- Film poster
- Directed by: Ashok Thiagarajan
- Written by: Ashok Thiagarajan
- Produced by: Ashok Thiagarajan
- Starring: Venba Aadukalam Naren Abi Saravanan Appukutty
- Cinematography: Srinivas Devamsam
- Edited by: Gopi Krishna
- Music by: Bhavatharini
- Production company: Raji Nila Mukil Films
- Release date: 31 January 2020;
- Running time: 120 minutes
- Country: India
- Language: Tamil

= Maayanadhi =

2020 Indian Tamil drama film

Maayanadhi is a 2020 Indian Tamil language drama film written, produced, and directed by Ashok Thiagarajan in his directorial debut. The film stars Venba, Aadukalam Naren, Abi Saravanan and Appukutty in the lead roles. The music was composed by Bhavatharini with cinematography by Srinivas Devamsam and editing by Gopi Krishna. The film released on 31 January 2020.

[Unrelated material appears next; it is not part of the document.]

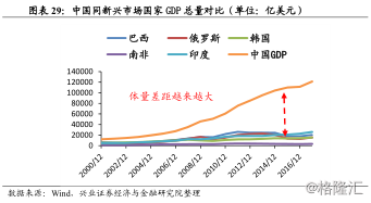 对标新兴市场国家,我国GDP总量远超过其他新兴市场国家,且体量差距愈来愈大。我国同其他新兴市场国家在起步上相似,起步较晚,且初始体量都很低。

Maayanadhi was dubbed in Telugu as Mayanathi in 2026.

== Cast ==
- Venba as Kousalya
- Aadukalam Naren as Kowsalya's father
- Abi Saravanan as Senthil
- Appukutty as Mani
- Thamizh Venkat as Kowsalya's uncle
- Kantharaj as Jayachandran
- Durga Venugopal as Headmistress Martina
- Rudhran as Vanakkar
- Sivaprakasam as Senthil's father
- Vijayasri as Malini Miss

== Production ==

This project was officially launched in February 2018, Ashok Thiagarajan is making his debut as the Director and producer of the venture, under his newly established Raji Nila Mukil Films (RNM FILMS) Productions banner. Actors include Venba, Abi Saravanan and Aadukalam Naren, with Appukutty signed to play the lead role.

Bhavatharani was selected as music director. Meanwhile, Srinivas Devamsam, Gopi Krishna, and Mayil Krishnan was signed as cinematographer, editor, and art director respectively for this film.

Maayanadhi planning to release on 31 January 2020.

== Soundtrack ==
Soundtrack was composed by Bhavatharini. Yuvan Shankar Raja and Ameer attended the audio launch as chief guests.
- Ganja Paarvai - Senthildas, Priyanka
- Mayil Iragu - Priya Mali
- Yaavum Ingu - Srisha

== Release ==
The Times of India gave the film two out of five stars and stated that "A better script would have helped them [the cast of the film] more". The Asian Age gave the film two-and-a-half out of five stars and wrote that " A taut narration and a little more coherence would have enhanced the film".